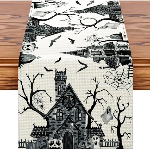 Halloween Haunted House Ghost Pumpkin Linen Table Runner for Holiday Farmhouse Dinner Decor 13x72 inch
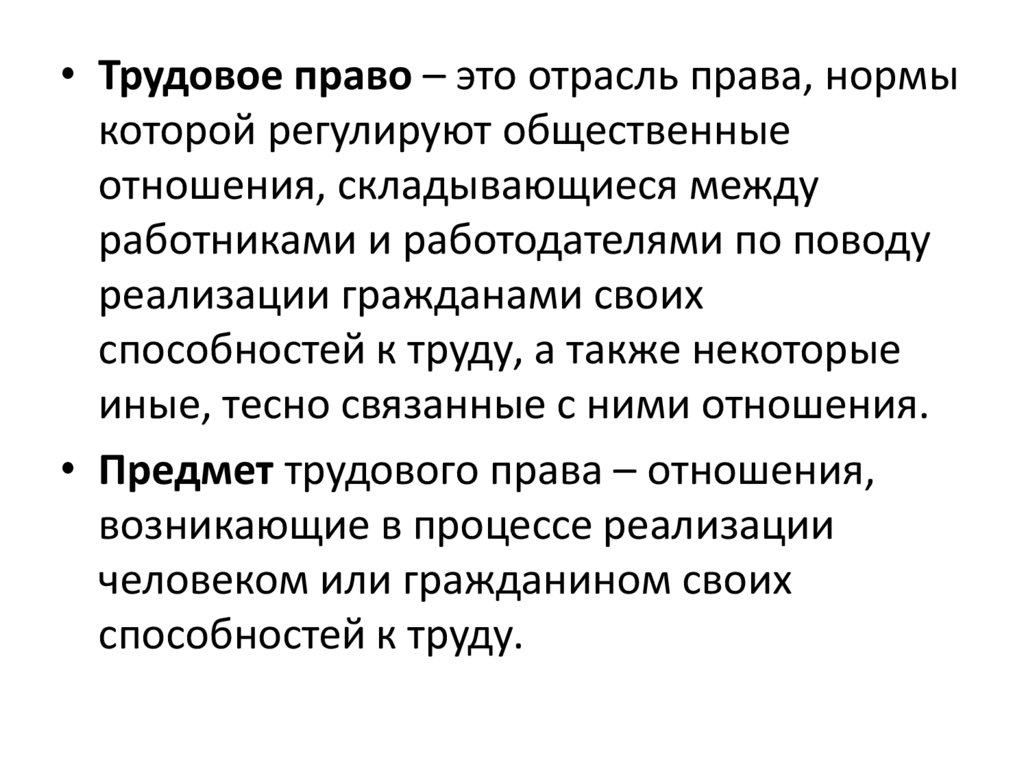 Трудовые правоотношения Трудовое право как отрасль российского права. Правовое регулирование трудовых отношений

******

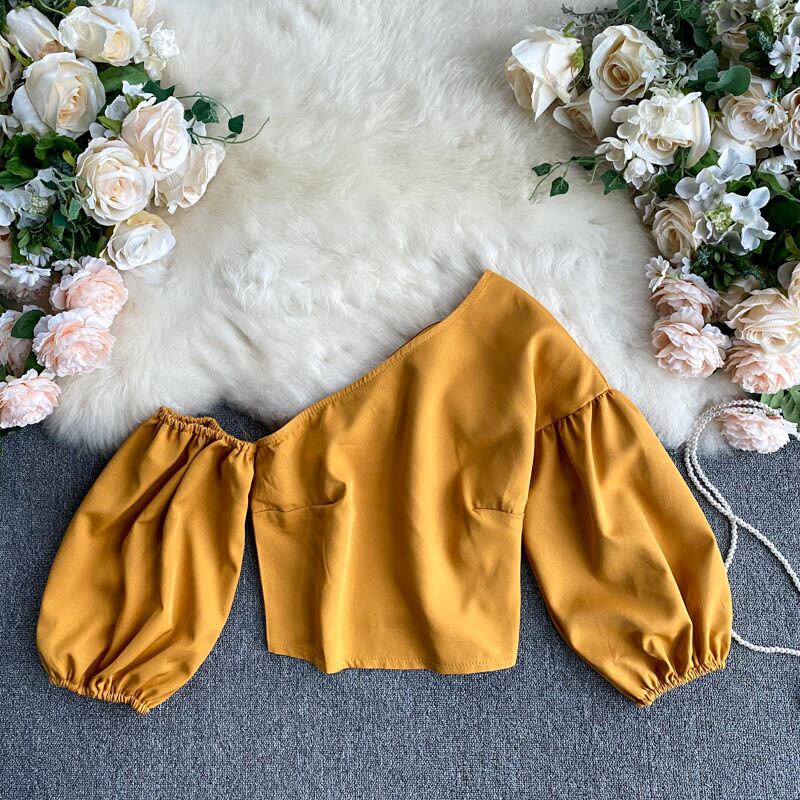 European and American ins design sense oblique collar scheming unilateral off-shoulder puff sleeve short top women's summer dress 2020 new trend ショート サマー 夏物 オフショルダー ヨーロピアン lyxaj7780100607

******

Within the entries above, the lines from the one containing "Halloween Haunted House" through the one containing "Трудовые правоотношения Трудовое" are to be transcribed exactly, ends included, pictures excluded.

 Halloween Haunted House Ghost Pumpkin Linen Table Runner for Holiday Farmhouse Dinner Decor 13x72 inch
 Трудовые правоотношения Трудовое право как отрасль российского права. Правовое регулирование трудовых отношений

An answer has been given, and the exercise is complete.